According to the Supreme Court, in a recent case involving the Bankruptcy Code’s exemption for retirement funds, a retirement account is not a retirement account if it is an inherited IRA and the owner is bankrupt.
Typically, when a person files for bankruptcy, funds they set aside for retirement can be exempt from the estate. When the bankruptcy case is settled, those funds will be available to the individual to use during retirement. However, the exemption is for retirement funds that are in an account that is tax-exempt under sections of the IRS code.

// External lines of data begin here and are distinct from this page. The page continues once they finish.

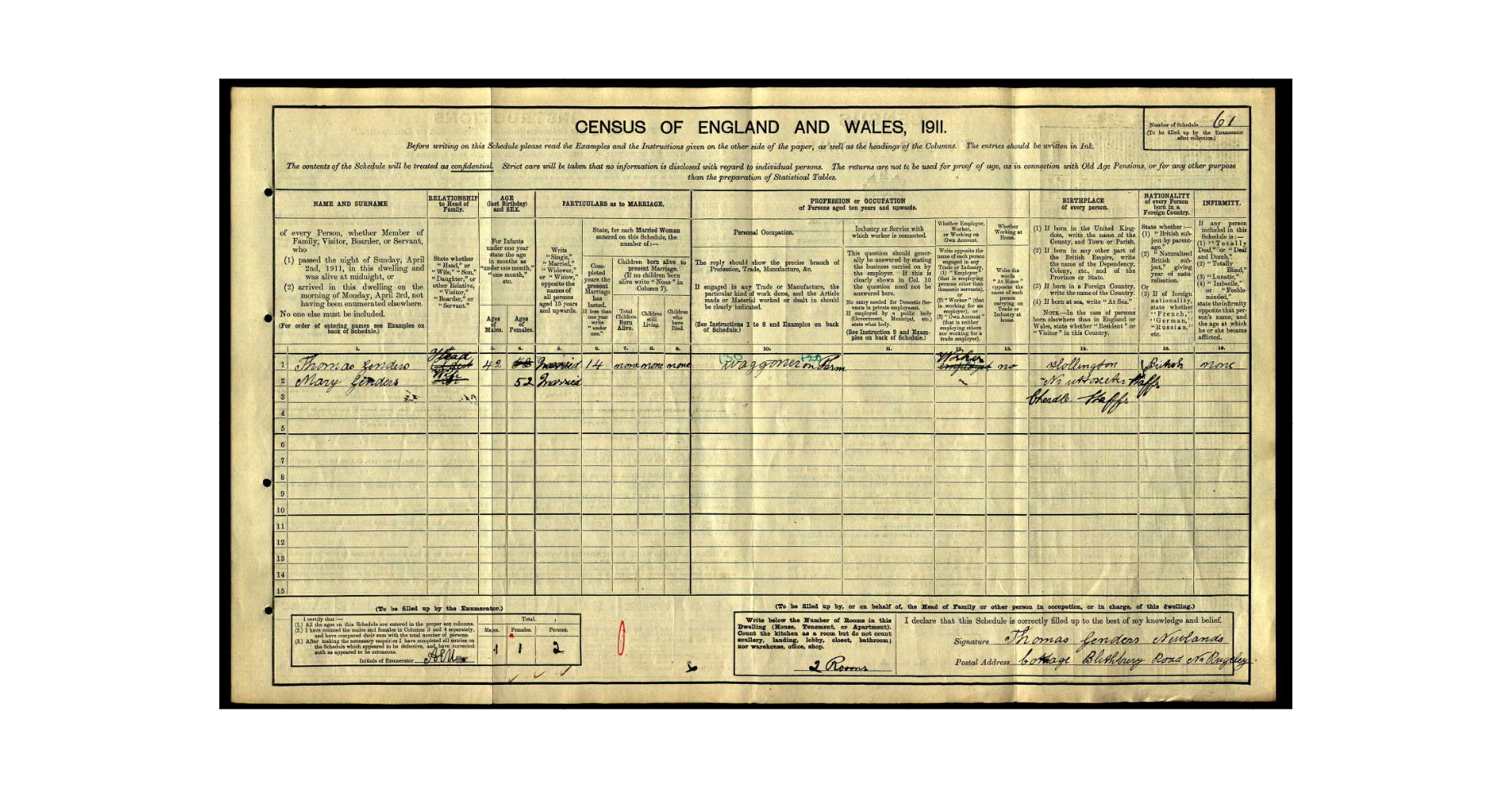 | 1 | Thomas Genders | Head | 1869 | 42 | Male | Married | Waggoner | Hollington Nr Uttoxeter, Staffordshire | Newlands, Cottage, Blithbury Road, Colton, Nr Rugeley |
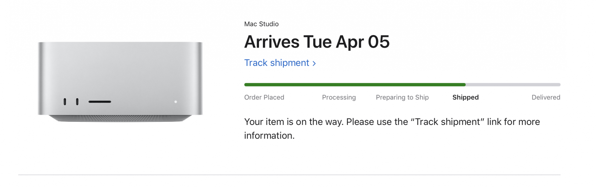 Awesome my 3/31 - 4/7 Studio Display is still stuck in preparing to ship. Luckily I found one local that's the same spec as what I'm waiting on. I pick it up in a couple of hours.Woohoo! Just got the email from Apple that my Studio Display has shipped and will deliver by Thursday, April 7. The tracking number hasn't shown up on the UPS website yet, but this is a step in the right direction.
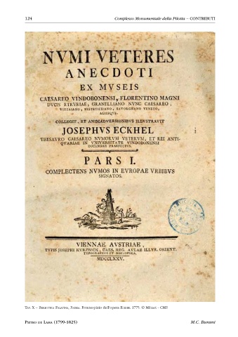 124 Complesso Monumentale della Pilotta – CONTRIBUTI Tav. X – biblioTeca PalaTiNa, ParMa. Frontespizio dell’opera eckhel 1775. © Mibact - CMP. PIETRO DE LAMA (1799-1825) M.C. Burani
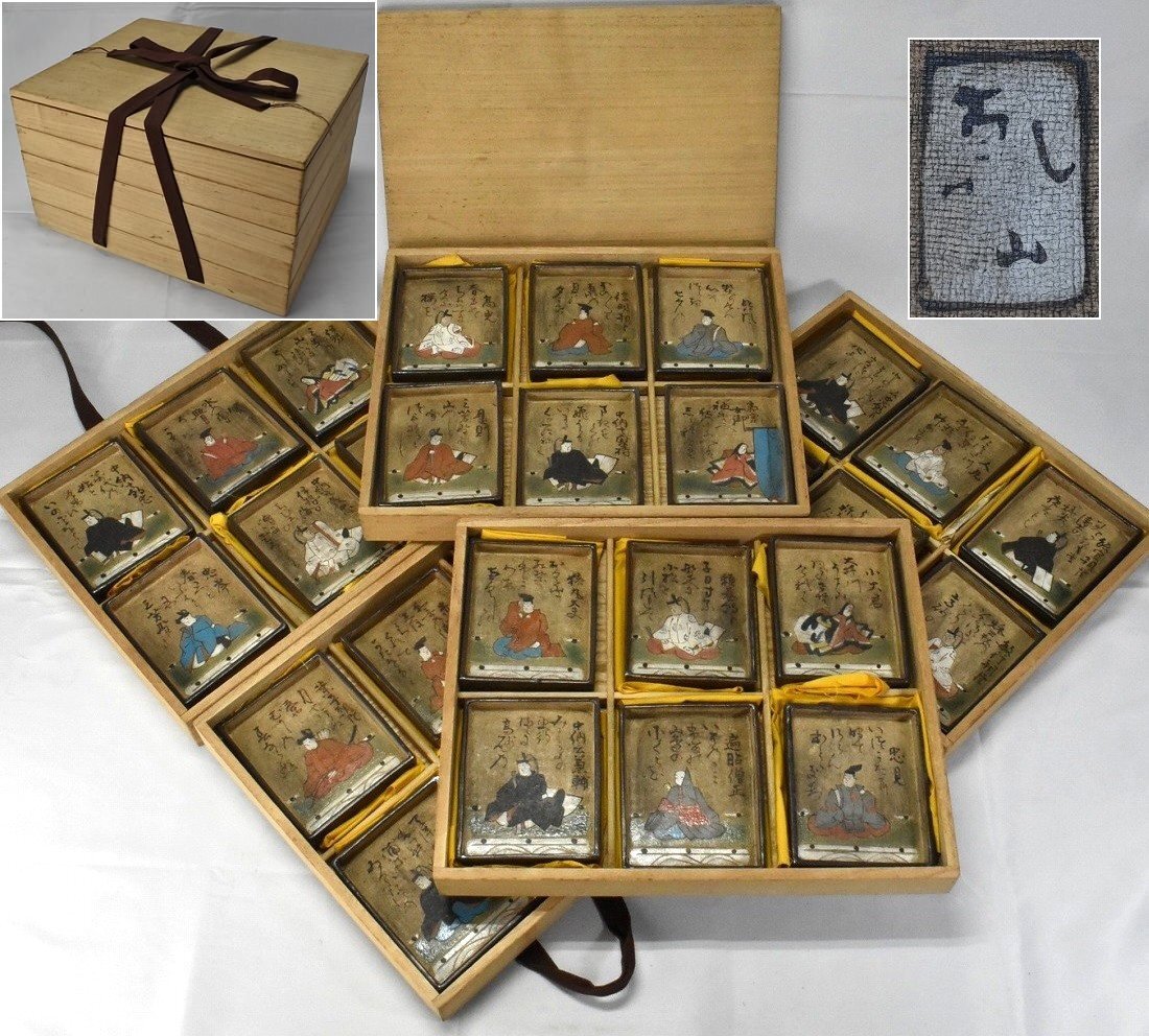 尾形乾山写 色絵 百人一首和歌 歌留多 皿 50客 共箱 J735 |
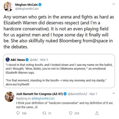 Of all the responses McCain could have focused on, having her “hard-core” conservative credentials challenged was the one she couldn’t let go. Her response though, was vintage McCain family.
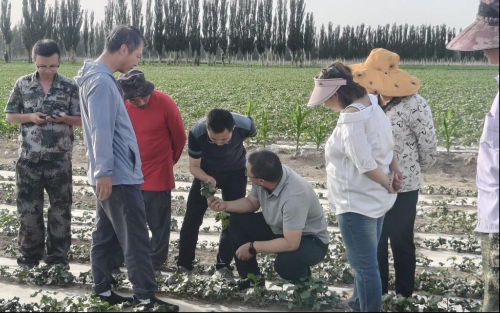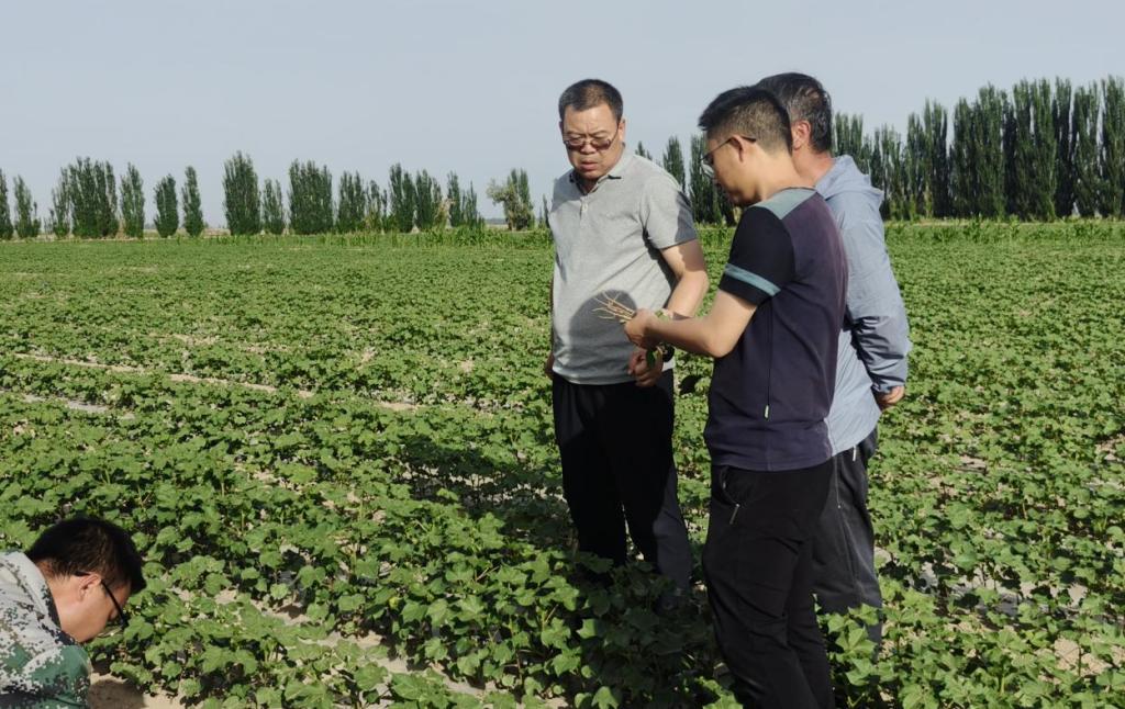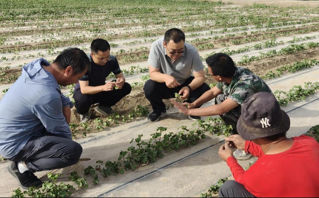 2024年6月5日,受8团11连连长廖雷寻求棉花药害诊断与种植技术援助。我校罗新宁教授、柳维扬教授、肖海兵副教授以及植物保护23级学生对该连棉花受到药害的情况进行实地考察及分析,对棉田进行诊断和实施挽救策略,减少职工们的经济损失,用科学技术推动农业发展。
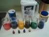 I added one cup of mixture to six bowls that already had their food coloring. Mixed well and put in jars.
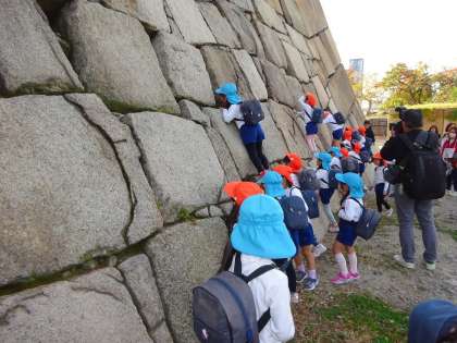 駅から上がると「見えた」「お城」「あそこに登るんやんなあ」
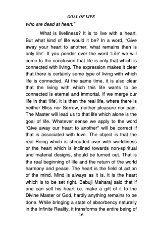 GOAL OF LIFE\u000Aan individual. It is this spiritual transformation of the individual, which is the expression of Divinity in the world of manifestation. It is This Divinity - God which is the Real goal of human life.\u000AThere are various conceptions of the Ultimate Reality - God. People look upon Him differently according to their capacity and understanding. The most commonly accepted conception of God is Eternal Power. But philosophic view includes the idea of Nirguna Brahman (Indeterminate Absolute) which is above all multiplicity and distinction. It is beyond quality, activity and consciousness. This Nirguna Brahman is regarded to be the Ultimate Cause and substratum of existence; the super active Centre of entire manifestation. It is also known as Para Brahman. With this comes another conception - the idea of God as Supreme Existence. We see the universe with all its diversities and differentiations and we are led to believe in it\u0027s creator and controller. We call Him Iswara or Saguna Brahman (Determinate Absolute) - also known as Apara Brahman. We think of Him as an Eternal Existence - Omnipotent and omniscient, possessing all finest attributes. It is only when viewed from the lower levels that God (as the God of religion) becomes an object of worship - final approach of almost all religions. While there is much debate on and large\u000Afollowing for both these conceptions, Babuji Maharaj\u000A17\u000A
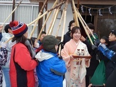 3・4年生は、総合的な学習で「桑取・谷浜のお宝を探そう」をテーマに活動しています。 400年以上の歴史があり、上越市無形民俗文化財に指定されている「嫁祝い」について、地域の方から話を聞き、自分たちもその伝統を守るお手伝いをしたいと、頑張りました。 まずは、オーマラに向けて、焼き草やお正月飾りを集めに回りました。各家を1軒1軒回り、大きな声で歌います。西横山小正月行事保存会の方から、「近年にないくらい大きな声で、元気がある」と、お褒めの言葉をいただきました。
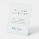 Set aside a space on the table for this "In Loving Memory" pedestal sign at your wedding. It has simple and elegant styling in white with black text. Most of the text can be personalised with your desired wording or you can order this item as shown. The script line of text at the bottom is a graphic image and cannot be edited. If you wish to remove this script text, select "edit using design template" at the bottom of the "personalise this template" and you can view all the layers of the design and delete the script layer if you desire.
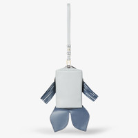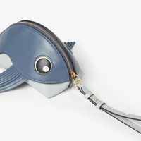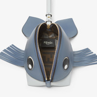 Fish-shaped toiletry case with zipper closure, sided fringes and shaped tail. Made of blue and pearl gray calfskin. The leather zipper pull is also a practical handle for you to carry your toiletry case by hand. Gold-finish metalware. Made in Italy Composition: 100% calf leather Product Code: 8N0212AV2GF1T91
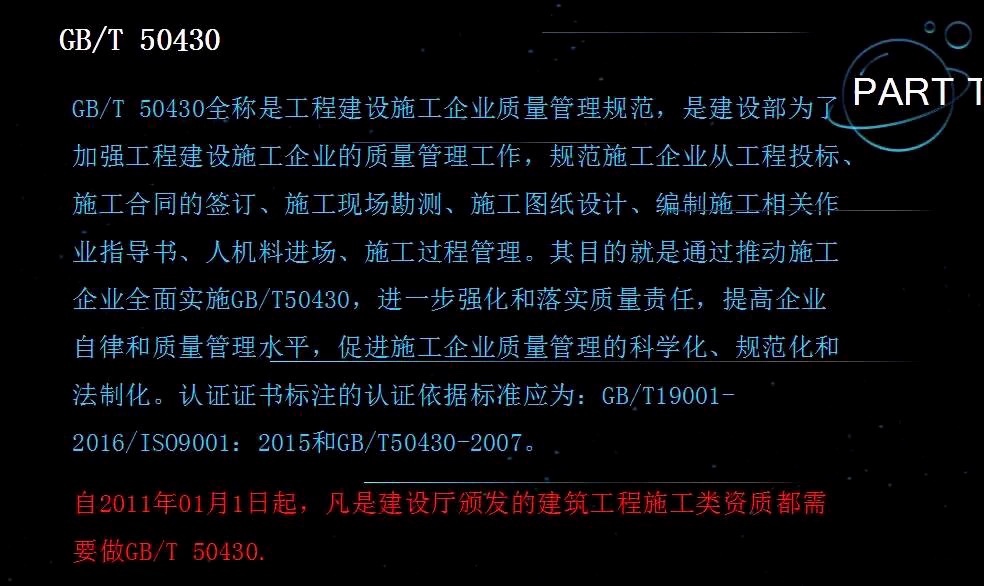 最后,提醒大家一下,GB/T50430-2007建筑施工质量体系是建筑行业的基本资质,在招投标活动中,参加投标活动的企业要具备该资质。
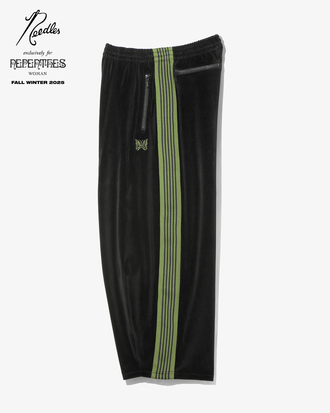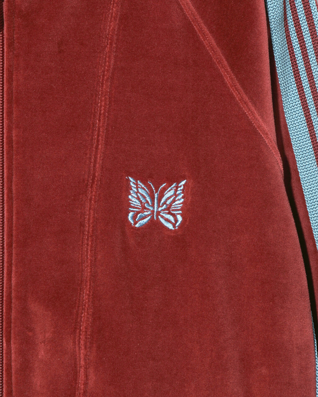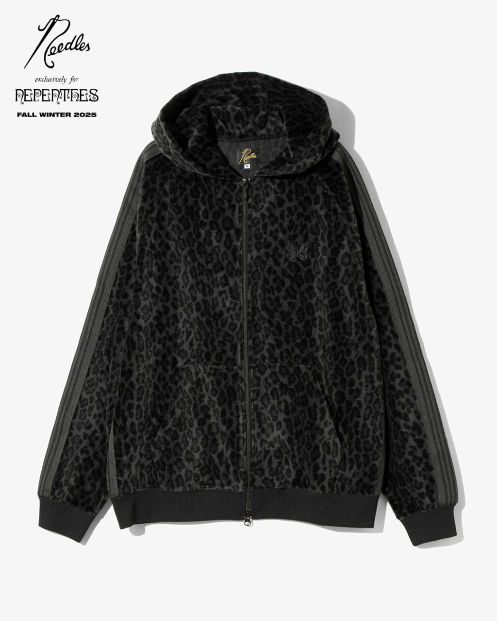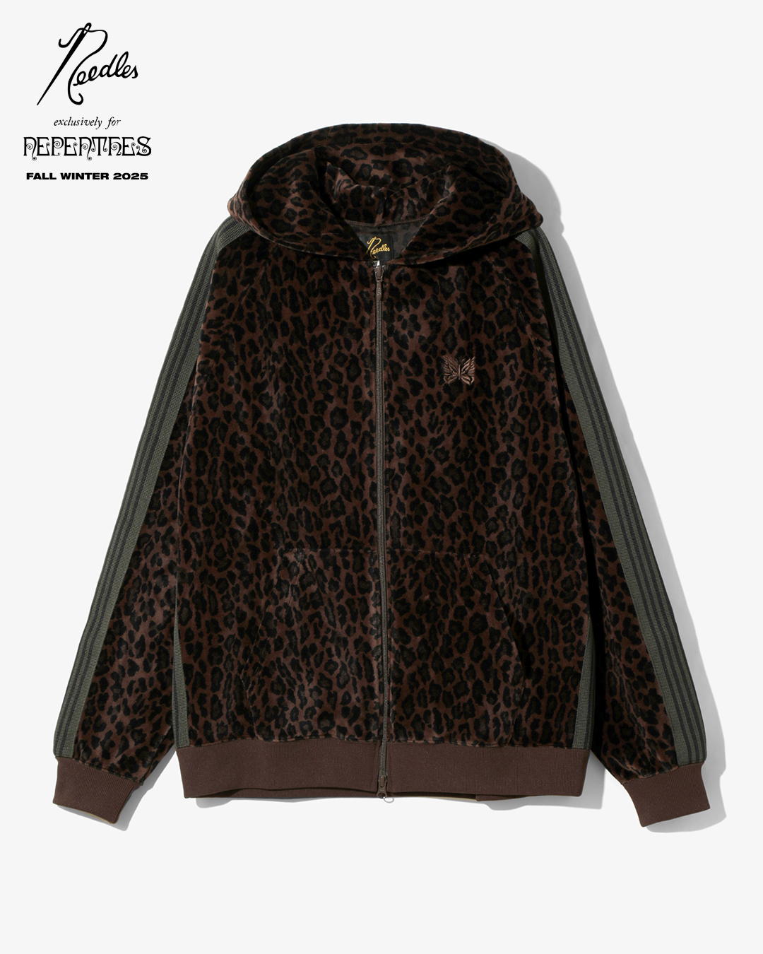 今季は、NEEDLESを象徴するトラックシリーズを、艶やかな光沢と滑らかな質感をもつレオパード柄のベロア素材で製作。

The Supreme Court determined that an inherited IRA does not consist of retirement funds, so it is unnecessary to figure out if it was held in the right type of account. Unlike a typical IRA, where funds cannot be withdrawn until a certain age without penalty, funds in an inherited IRA can be withdrawn without penalty at any time. In fact, most funds in an inherited IRA are usually required to be withdrawn by the required minimum distribution rules.
The court stated that retirement funds are a way to preserve a debtor’s ability to meet the basic needs of life without dealing with a cash windfall at the expense of creditors. Inherited IRA’s legal characteristics have nothing to do with preventing or even discouraging the use of the entire balance to purchase luxury items following the bankruptcy proceedings.
After discussing whether or not to apply the exemption, the court affirmed inherited IRAs are not retirement funds and not eligible for exclusion from debtor’s bankruptcy estates.